Personal information
- Full name: Lizette Salas
- Born: July 17, 1989 (age 37) Azusa, California, U.S.
- Height: 5 ft 4 in (1.63 m)
- Sporting nationality: United States
- Residence: Azusa, California

Career
- College: University of Southern California
- Turned professional: 2011
- Current tour: LPGA Tour (joined 2012)
- Former tour: Symetra Tour (2011)
- Professional wins: 2

Number of wins by tour
- LPGA Tour: 2

Best results in LPGA major championships
- Chevron Championship: T17: 2019
- Women's PGA C'ship: 2nd: 2021
- U.S. Women's Open: T14: 2015
- Women's British Open: 2nd/T2: 2019, 2021
- Evian Championship: T11: 2013

= Lizette Salas =

American professional golfer (born 1989)

Lizette Salas (born July 17, 1989) is an American professional golfer currently playing on the LPGA Tour.

==Early life and amateur career==
In 1989, Salas was born in Azusa, California. She was raised in the town.
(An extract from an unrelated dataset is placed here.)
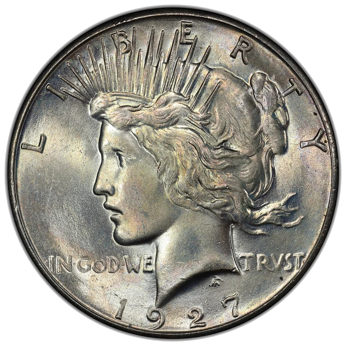 The 1927-S Peace Dollar graded is one of the more sought after coins in the Peace dollar series. There were only 866,000 coins minted, making it one of the lowest mintage of all time. Many of these coins are readily available in lower grades, and are very rare in higher grades, especially a higher grade 1927-S Peace Dollar that is sharply struck.

In 2007, Salas graduated from Azusa High School.

Salas earned a scholarship to play college golf at the University of Southern California where she graduated in 2011 with a degree in sociology, becoming the first member of her immediate family to earn a college degree.

During her time at University of Southern California she had three collegiate wins, was named the 2008 Pac-10 Freshman of the Year, was Pac-10 Player of the Year in 2009 and 2010, and Pac-10 All-Conference First Team selection in 2009, 2010, and 2011. She also was an NGCA All-American First Team selection in 2009 and 2011. Salas is the only USC student-athlete to be recognized as an All-American all four years. In July 2010 she made her first appearance in a professional tournament after qualifying for the U.S. Women's Open. She shot 79-77 at the tournament and missed the cut.

==Professional career==
In 2011, Salas turned professional after graduating from the University of Southern California. She competed on the Symetra Tour in 2011, competing in seven tournaments and finishing 45th on the Symetra Tour money list. Also in 2011, she made her first appearance at the U.S. Women's Open as a professional and finished T15. Salas participated in the 2011 LPGA Qualifying School in the fall of 2011, finishing 20th and earning full status on the LPGA Tour for 2012. Salas won her first championship on the LPGA Tour at the 2014 Kingsmill Championship winning by a four-stroke margin.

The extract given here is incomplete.